# Tossing live snake was no joke



## butterfly33 (Oct 19, 2009)

*Published On:* 10-19-2009
*Source:* Fraser Coast Advocate

When Malcolm Marriott spotted a large group of youths walking along Lennox Street on Friday night, he never imagined they would throw a live carpet python at his passing car.

The alcohol bottles they were swigging from, maybe. But a snake? Never.

“I couldn't believe it,” the long-time Maryborough resident said. “The fact they'd throw a defenceless animal under a car is disgusting.”

Mr Marriott said he and his wife were driving home about 9.30pm and were passing the Doon Villa Bowls Club when the incident happened. He said he saw two boys rush to pick something up, before realising they were holding a carpet snake.

*Go to Original Article*


----------



## butterfly33 (Oct 19, 2009)

*Cruelty to snakes*

Stupid kids.
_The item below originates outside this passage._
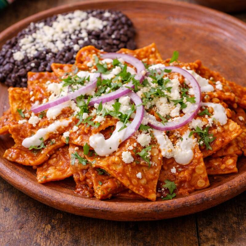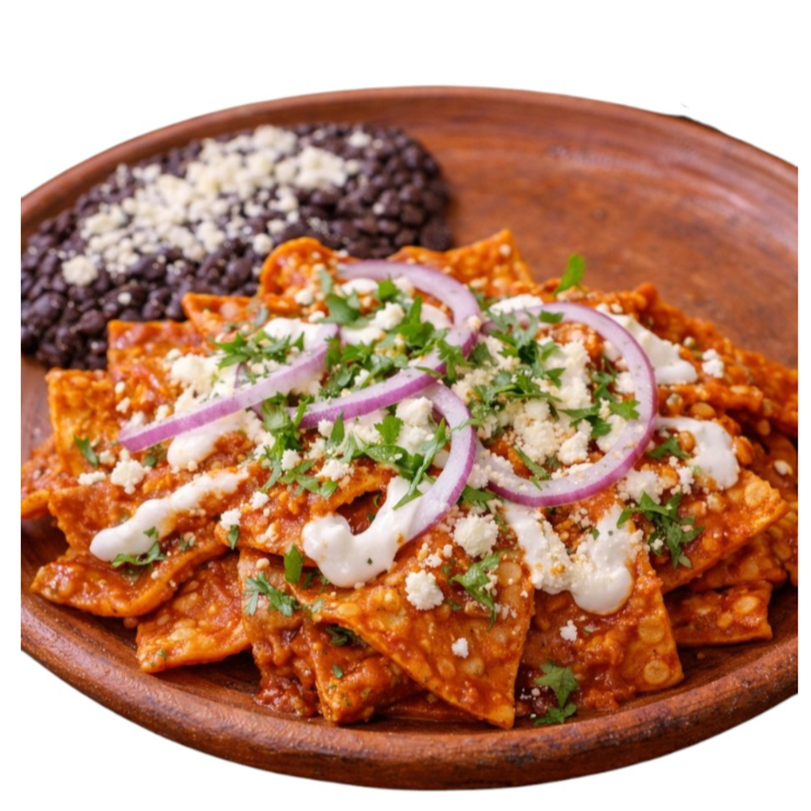 Totopos bañados en salsa roja SUPER PICANTE, cilantro, cebolla, queso y crema. Como guarnición, frijoles refritos.

I wonder how they'd like to be thrown under a car!
:evil:


----------



## Specks (Oct 19, 2009)

little pricks. lets see how a car bumber feels across their face at 60 kmh arrggghhh:evil:


----------



## Rainbow-Serpent (Oct 19, 2009)

What moronic little turds....

How'd they like it if I throw them under a car....or a truck :evil:


----------



## pythons73 (Oct 19, 2009)

This sort of stuff makes me mad,i had a incident up here with a few kids with a 5feet Carpet which was in a bad way,so i just took it from them,no complaints ,and handed it over to someone that works with Fawna,the poor thing ended up dying 4-5 months later...MARK


----------



## biggie (Oct 19, 2009)

public nuisance that's pretty lame
atleast animal cruelty they'd get more trouble for keeping it as pet.


----------



## Rainbow-Serpent (Oct 19, 2009)

Yeah I agree, Public Nuisance is just one of the things the little dweebs should have been charged for.

Public Nuisance
Animal Cruelty
Attempted Murder 

Theres a whole list!!


----------



## Joemal (Oct 19, 2009)

Rainbow-Serpent said:


> Yeah I agree, Public Nuisance is just one of the things the little dweebs should have been charged for.
> 
> Public Nuisance
> Animal Cruelty
> ...


Sorry Rainbow but with the way our justice system is they will only end up with a slap on the wrist .


----------



## Specks (Oct 19, 2009)

well to be honest our justice system SUCKS! big time.its a load of bs if u ask me. killing an animal intentionally is a nuicence. so i annoy someone when something gets killed. that is crap.animal cruelty is what they should get and the punishment should be letting a huge scrubbie bite the kids on the sack. hows that fair. btw let them smell like a bunny rabbit first. hate people that do this kinda crap and can get away with it.makes me sick.


----------



## reptilefan95 (Oct 19, 2009)

I just wished they would have tried to pick up an eastern brown and all got bitten!!


----------



## LiasisKing (Oct 19, 2009)

*Lol*



specksta1er said:


> well to be honest our justice system SUCKS! big time.its a load of bs if u ask me. killing an animal intentionally is a nuicence. so i annoy someone when something gets killed. that is crap.animal cruelty is what they should get and the punishment should be letting a huge scrubbie bite the kids on the sack. hows that fair. btw let them smell like a bunny rabbit first. hate people that do this kinda crap and can get away with it.makes me sick.



lol i TOTALLY agree, 
what *********************************************************************************************************************************************************************************************************************************************.ETC, 
i think you get the picture?


----------



## jinxs411 (Oct 19, 2009)

thats disgusting. little pricks:x:x:x:x


----------



## TWENTY B (Oct 19, 2009)

butterfly33 said:


> Stupid kids. I wonder how they'd like to be thrown under a car!
> :evil:


 i'll volenteer my car if anyone would like to throw these kids under


----------



## blakehose (Oct 19, 2009)

I'd be more than happy to Twenty B . It's absolutely disgusting


----------



## Snakes1 (Oct 19, 2009)

We always here that it is illegal to kill any Australian reptile but has any one ever heard of some one being actually prosecuted for this ?


----------



## Reptile_Boy (Oct 19, 2009)

hmm... all i can say is bunch of gronks.... why bother throwing them under a car? i was thinking jus tie em up and and have a big cracky carpet have some fun


----------



## Chris1 (Oct 19, 2009)

reptilefan95 said:


> I just wished they would have tried to pick up an eastern brown and all got bitten!!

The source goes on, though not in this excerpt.